I'm surprised your grandparents said they didn't take it seriously, Joe. It seems that a lot of people, kids and adults alike, were marked by the war.
Although I also heard stories of kids finding unexploded bombs and riding on them, which I found very surprising, because that's not something I would have done as a kid if I understood that it was a bomb. I think you're right about our thinking maybe causing us to be more affected by a war.

kraftiekortie wrote:
It’s interesting that Brits call World War II “The War.”

This hasn’t happened in the US.
That's what it's called here too. Maybe it's a European thing?


It was a global thing because it was global war that traumatically changed the whole world.

Don't mean to be attacking him, but Krafty has it ass-backward. Its not that it "hasn't been established in America" (like its trend for the future). Its that it WAS established in America, but over the decades it gradually faded and trended away in America. But in other parts of the world WWII is still often called simply "the War".

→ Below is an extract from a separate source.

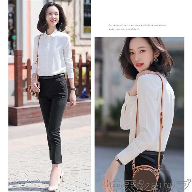 パンツスーツ スカートスーツ レディース おしゃれ シフォンシャツ 長袖 無地 韓国風スーツ ハイウエスト オフィス 通勤 入社式 おしゃれ 大きいサイズ 新品

The generation of Americans who came of age during the war (my parents' generation) referred to it as "the War" during the war. And continued to call it that until at least the Vietnam/Sixties era when it started to become confusing (because by then we had had two other wars already). So today it sounds quaint to Americans to read a post from a Brit that calls it "the War" in 2018. But back in my childhood it would not have seemed quaint, because back in Sixties Americans also talked about it that way still. Or at least the older folks talked that way.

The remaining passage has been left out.